Ranger Games: A Story of Soldiers, Family and an Inexplicable Crime by Ben Blum. I really liked this one, in 2006 a group including several active duty Army Ranger robbed a bank in Tacoma and were caught almost immediately as their super-plan skipped covering a license plate. The getaway driver was the cousin of the author and the book explores his life and why he would have thrown away his lifelong dream for a stupid plan.

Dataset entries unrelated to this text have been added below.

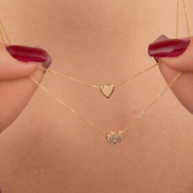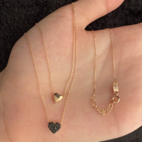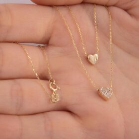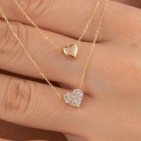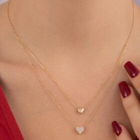 14 Ayar Altın Çift Sıralı Kalp Kolye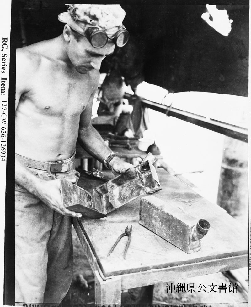 【和訳】 ジープ用マフラーを作る海兵隊員。日本軍のドラム缶を切断して作った手作りのジープ用マフラー。マフラー作りは、輸送部隊のコバート一等兵オハイオ州出身)の得意技。
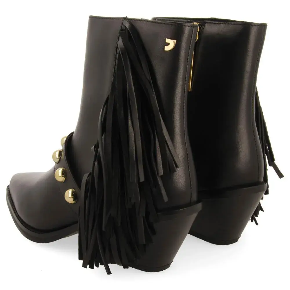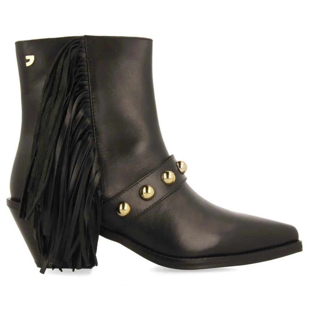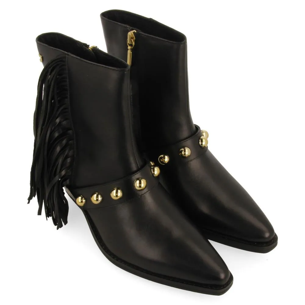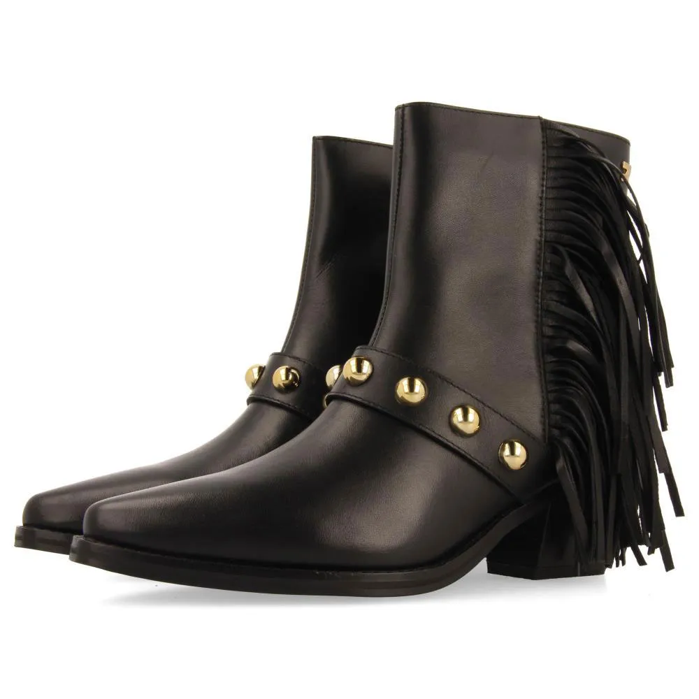 Кожаные ботильоны на каблуке с бахромой и заклепками.

Super Pumped: The Battle for Uber by Mike Isaac. Excellent read on the history of Uber by a New York Times reporter. Felt a bit like Bad Blood mixed with Silicon Valley. Definite recommend.

If It Bleeds by Stephen King. Four new novellas from King. "Mr. Harrigan's Phone" is ok when it focuses on the characters, less so when King spends way too much time marveling at how wonderful iPhones are. He did the same thing in the detective trilogy, yes smartphones are impressive but not new anymore. Has odd moment when a teenager with limited means gifts a wealthy man an iPhone that he is able to use to connect to the internet and make calls. Is the kid paying for his data plan? Felt like those awful Modern Family episodes where characters rush to buy iPads, but at least they were getting paid for product placement.

"The Life of Chuck" is the strongest of the four. Interesting premise about world ending, goes on a little long but still good.

"If it Bleeds" not great, it's another entry in the detective stories with Holly Gibney. Not sure if this character is King trolling readers, she's ok in small doses but not interesting enough to sustain a story. Excessive detail about every part of her life (she loves Apple products!) when I'm here for the monsters. The plot is centered around a bombing where Holly thinks a reporter at the scene was involved. What could have been an interesting non-supernatural crime story turns out to be a villain that is a mix of two of King's laziest late career inventions: the psychic vampires from Dr. Sleep who feed on terror, and the Outsider monster who can shapeshift. Seems like a super powerful creature but Holly easily tricks it and pushes it down an elevator shaft. Not a recommend.

"Rat" pretty darn good, a guy with writer's block goes to a New England cabin and weird stuff happens.

How to Invent Everything: A Survival Guide for the Stranded Time Traveler by Ryan North. Pretty good, most interesting when explaining how to make charcoal with no tools or how to safely test what is poisonous. Humor is a little hit or miss.

Columbine by Dave Cullen. Well written and researched history of the Columbine shootings. Not a light read.

The Grey
Mar 2, 2004

The Stone Man by Luke Smitherd

A giant stone statue the shape of a human spontaneously shows up in the middle of a plaza in England. Everyone is fascinated by it, then it starts walking. It keeps walking in one direction and nothing can stop it. When people try to touch, they fall over babbling in tongues and go into a coma. The statue smashes through stores, apartment buildings, trees, and concrete walls. Nothing can stop it from destroying whatever it unfortunately in it's path. The military drops bombs on it, but the statue emerges from the explosion and keeps on walking in one direction.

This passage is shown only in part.